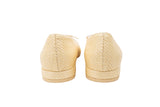 These Stuart Weitzman low flats offer a refined, summery aesthetic with a woven beige and tan body contrasted by a sleek black leather cap toe. Finished with a delicate bow detail and gold-tone aglets, these versatile shoes provide effortless style and comfort for everyday wear.
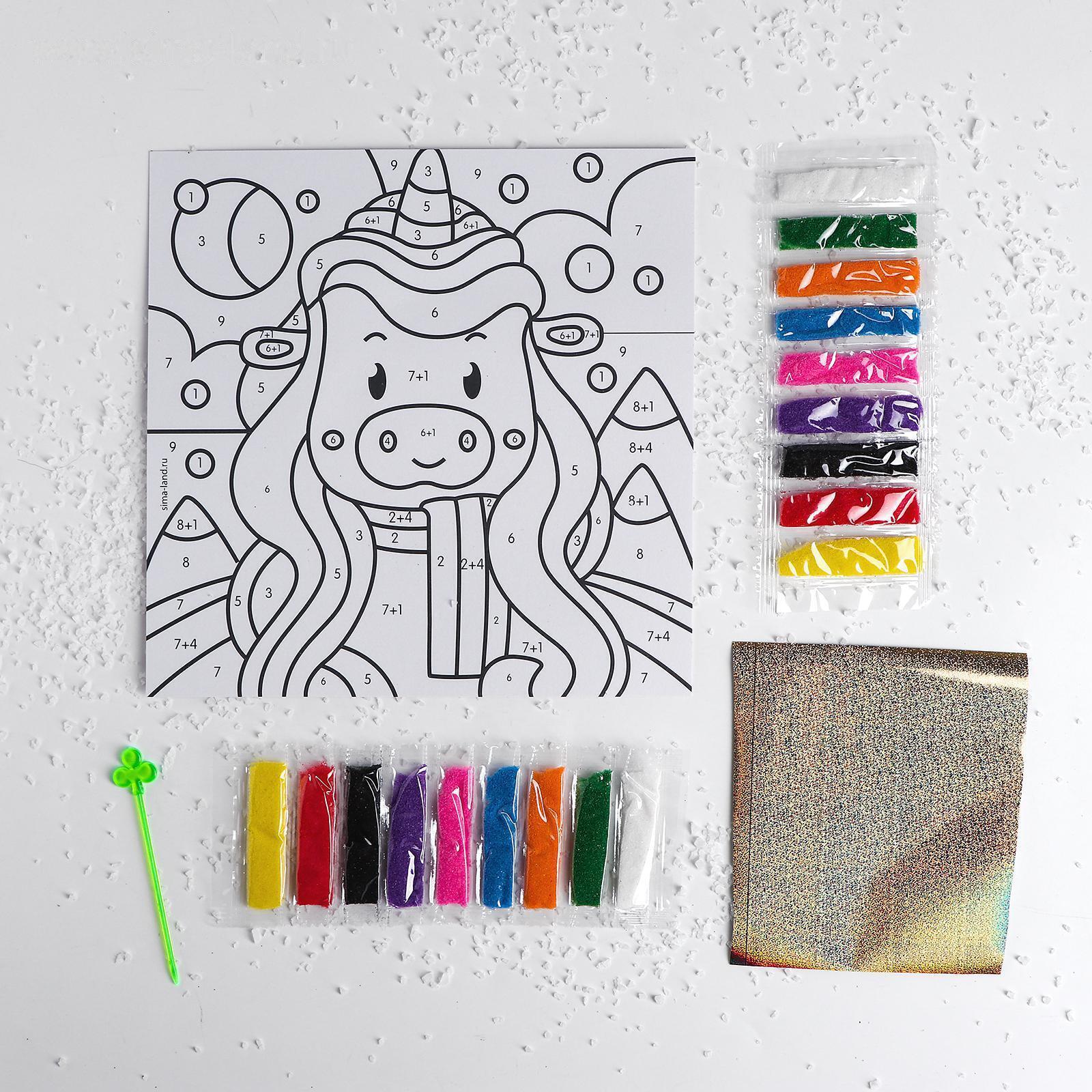 Процесс создания картины из песка прост и увлекателен. Снимите верхний слой с одного сектора картинки и засыпьте его песком, блёстками или заполните фольгой, помогайте стекой. Можете ориентироваться на цифры в секторах и подсказку на упаковке или пофантазировать и создать свою уникальную картину!
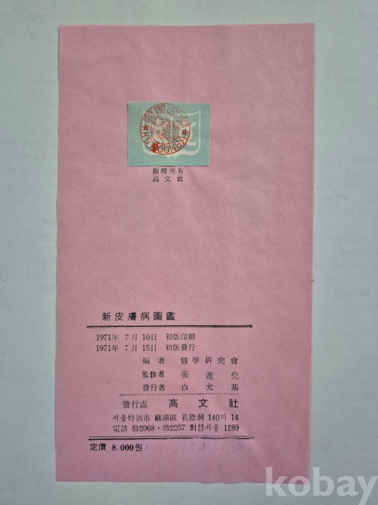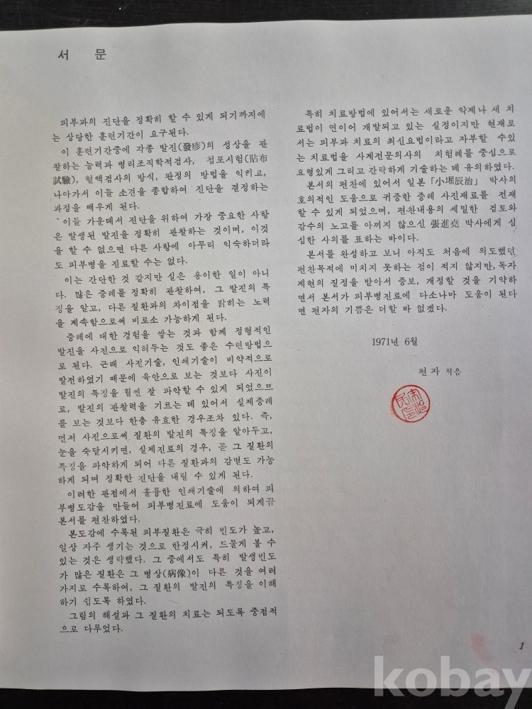 1971년 7월 15일 발행된 신피부병도감 (Colour Atlas of Skin Disease) 초판본입니다
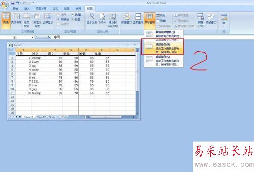 1、選中第1行,然后單擊“視圖”選項(xiàng)卡,在“窗口”組中點(diǎn)擊“凍結(jié)窗格”按鈕,接著選擇“凍結(jié)拆分窗格”。
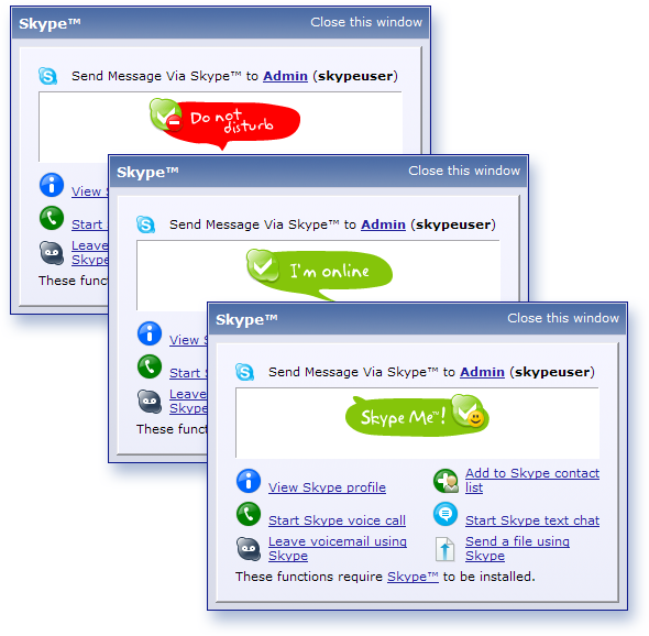 نظام SkypeWeb يسمح بظهور حالة الاتصال ببرنامج Skype على صفحات الفيبوليتن بطريقة جميلة.
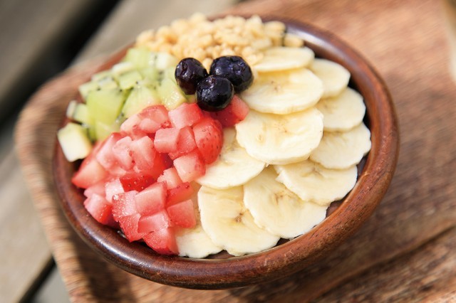 写真のアサイーほかスムージーは700円。ドーナツは200円〜。材木座海岸は逗子にも近く、マリンスポーツのメッカとして南国気分に浸れる。
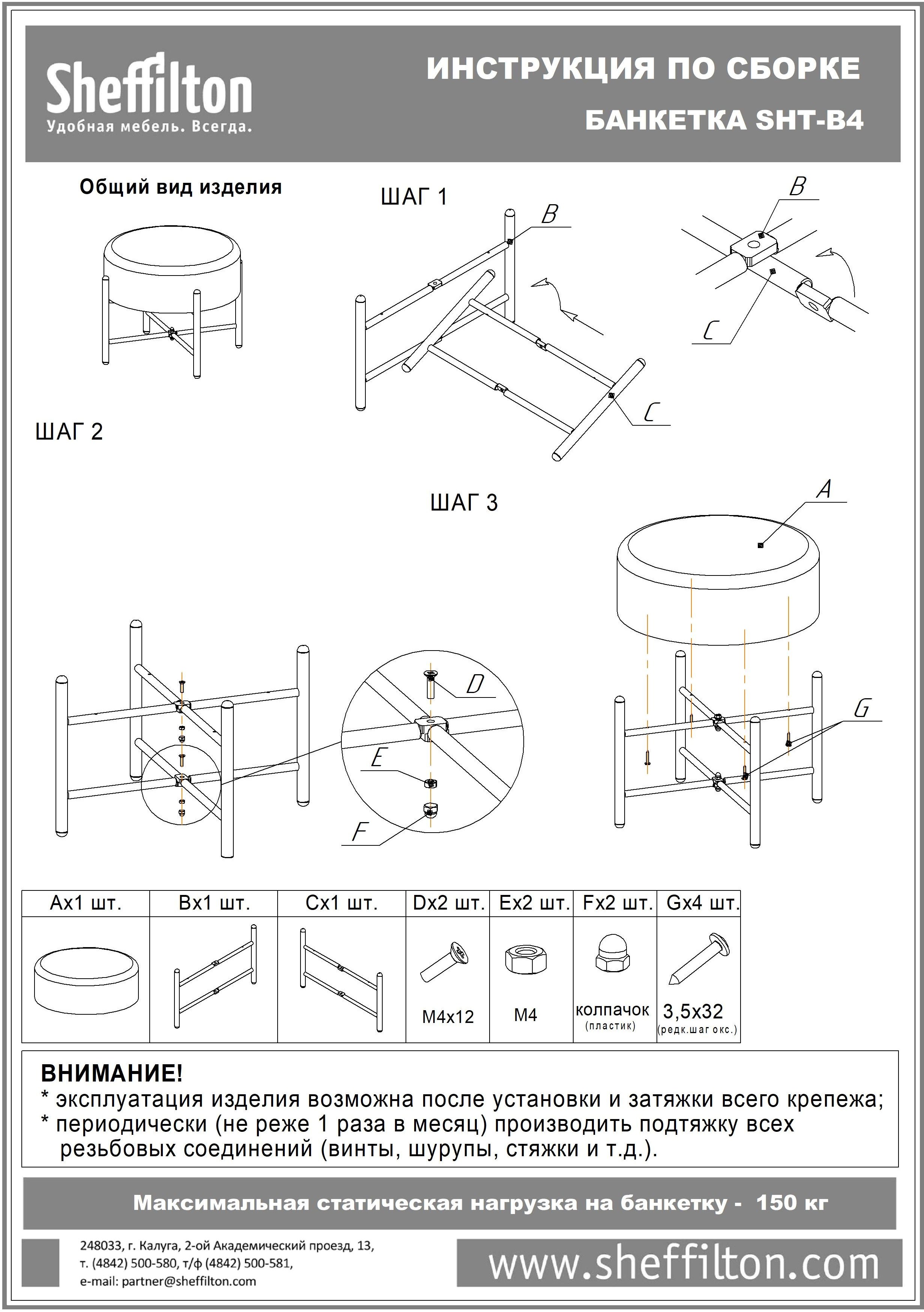 Надежный металлический каркас окрашен порошковой краской, устойчивой к механическому воздействию. Каркас выполнен из трубы. Сидение выполнено из микровелюра с мягким наполнителем.

____

→ **WHAT THE EXERCISE ASKS**
Leave out the pictures, and retype exactly the lines from the one containing "写真のアサイーほかスムージー" through the final line of the data.

→ **ANSWER SECTION**
 写真のアサイーほかスムージーは700円。ドーナツは200円〜。材木座海岸は逗子にも近く、マリンスポーツのメッカとして南国気分に浸れる。
 Надежный металлический каркас окрашен порошковой краской, устойчивой к механическому воздействию. Каркас выполнен из трубы. Сидение выполнено из микровелюра с мягким наполнителем.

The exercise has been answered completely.